Puis le jour J est arrivé. J’ai pris le départ sereine en restant concentrée et en essayant surtout de ne pas partir trop vite. Peut-être que j’étais déjà un peu tendue quand le départ du marathon a été donné. En tout cas, j’étais très émue de me dire : « ça y est, tu participes à ton premier marathon » !

Les dix premiers kilomètres sont passés très vite. Il y avait une super ambiance dans la ville, avec beaucoup de monde pour nous encourager et les klaxons des voitures. Le parcours était vraiment agréable puisque nous empruntions une piste cyclable en bordure de lac. Et le temps était aussi parfait, ni trop chaud, ni trop froid et surtout pas de pluie. Tous les kilomètres étaient bien indiqués par des bornes et les ravitaillements nombreux avec à chaque fois des encouragements chaleureux de la foule qui nous interpellait par notre prénom – inscrit sur notre dossard.

Au bout de quelques temps, nous avons vu les premiers élites de la course revenir en sens inverse et les avons encouragés à notre tour, puis Dimitri, Adrien, Jean-Claude, Abbès, Michel  … C’était super de croiser un peu de violet sur le parcours !

J’ai passé le 21e km en forme, je m’attendais à une montée à ce niveau du parcours mais il m’a semblé que c’était toujours plat. Bref, nous avons fait une boucle dans un joli village savoyard et sommes repartis vers Annecy en suivant le même chemin qu’à l’aller.

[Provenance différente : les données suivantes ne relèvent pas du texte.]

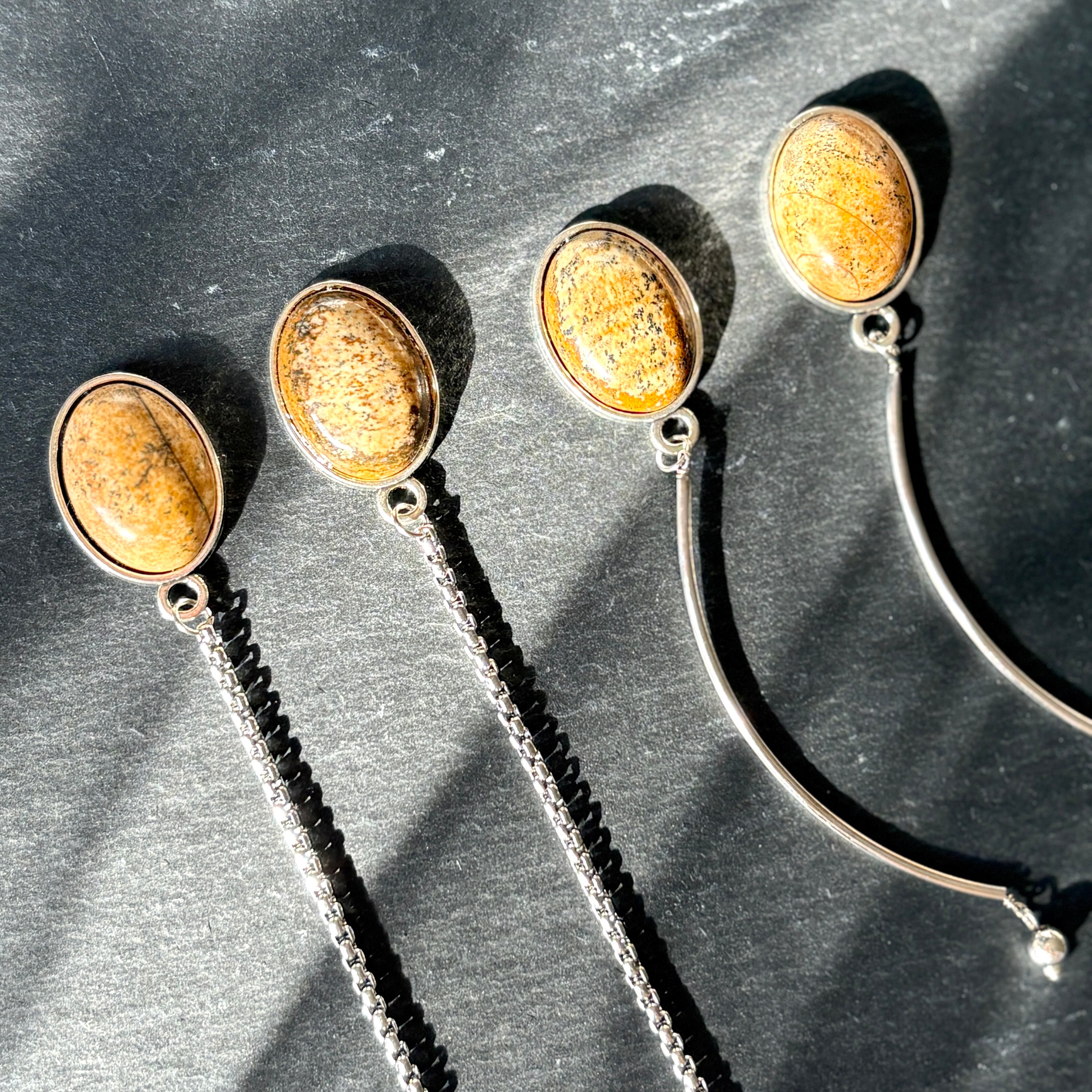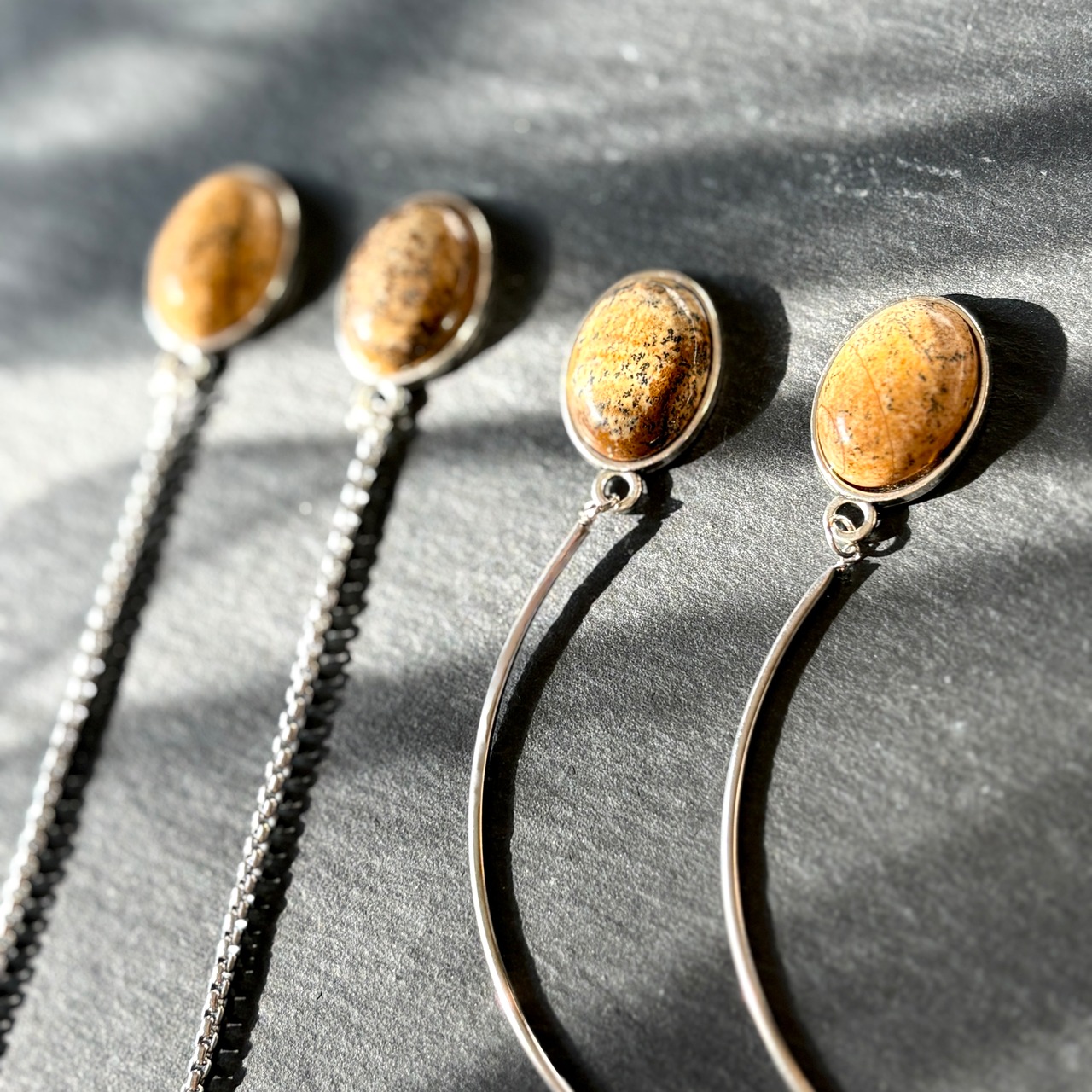 酸化鉄によって絵画のような模様が現れているのが特徴。精神的な安定、ストレス緩和などの意味をもつように、優しく温かみのある石です。

Au 25e km, j’ai commencé à avoir une sensation de jambes dures qui s’est installée assez nettement. Cela m’a inquiétée toutefois j’ai essayé tant bien que mal de maintenir l’allure. Mais à compter du 30e km, des crampes sont apparues soudainement au niveau des mollets et des cuisses ! Aie … J’ai du ralentir et faire quelques pas en marchant. A partir de là, ces crampes ne m’ont plus quittée. Pourtant j’avais bien veillé à boire tout le long du parcours, et à m’arrêter à tous les ravitaillements!

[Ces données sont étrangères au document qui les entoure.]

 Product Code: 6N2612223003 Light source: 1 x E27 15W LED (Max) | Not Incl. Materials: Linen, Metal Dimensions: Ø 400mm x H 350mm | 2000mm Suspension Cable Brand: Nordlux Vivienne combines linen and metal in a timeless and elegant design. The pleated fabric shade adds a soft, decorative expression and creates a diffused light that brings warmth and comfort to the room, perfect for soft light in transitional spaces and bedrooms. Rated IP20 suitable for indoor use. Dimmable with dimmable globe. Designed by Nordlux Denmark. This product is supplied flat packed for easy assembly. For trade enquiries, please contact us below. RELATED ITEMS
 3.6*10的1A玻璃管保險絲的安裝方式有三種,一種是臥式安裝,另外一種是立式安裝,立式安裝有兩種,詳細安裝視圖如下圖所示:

C’est là que Frank, mon mari, m’a rejoint et m’a accompagnée jusqu’à la fin. Heureusement qu’il était là car j’ai eu envie d’abandonner tellement j’étais déçue et tellement la douleur des crampes était forte. Malgré tout, j’ai tenu bon. J’ai du m’arrêter une dizaine de fois pour m’étirer sur le bord de la route. Je repartais en grimaçant et en clopinant … Quelle horrible sensation que celle d’avancer au ralenti dans ces conditions.

J’avoue que le parcours m’a paru très long. Je me suis fixée d’arriver au 35e km, et à partir de là, j’ai compté les kilomètres un par un pour continuer à avancer malgré mes crampes ! Il faut dire qu’autour de moi, à ce niveau de la course, beaucoup de coureurs marchaient et semblaient souffrir. Le fanion des 4h30 est passé à notre hauteur puis a continué sa route et j’ai pris un nouveau coup au moral…

J’ai entendu un coureur crier « plus que 2km pour arriver à Annecy, et encore 2km pour atteindre l’arrivée »! Ca m’a boostée et je me suis dit que j’allais tenir jusqu’à la fin quelle que ce soit la douleur, ce que j’ai fait.

Dans le le parc, j’ai aperçu Jean-Claude, puis Catherine qui m’ont encouragée et je me souviens que j’avais le sourire aux lèvres malgré tout en passant la lignée d’arrivée ! J’ai arrêté ma montre : 4h33 …et 2500 calories de brûlées!

Voilà comment s’est déroulé mon premier marathon.

J’ai ressenti des sentiments partagés à l’arrivée, j’étais heureuse d’être allée au bout et déçue d’en avoir autant bavé.  Peut-être que je renouvellerai un jour l’expérience de cette course mythique, histoire de ne pas rester sur celle-ci, mais j’aimerais de nouveau vivre l’événement et sa préparation entourée comme je l’ai été sur ce premier marathon. Car même si l’on fait la course seul avec soi-même, les moments de partage et de connexion avec les autres restent essentiels pour réussir cette épreuve.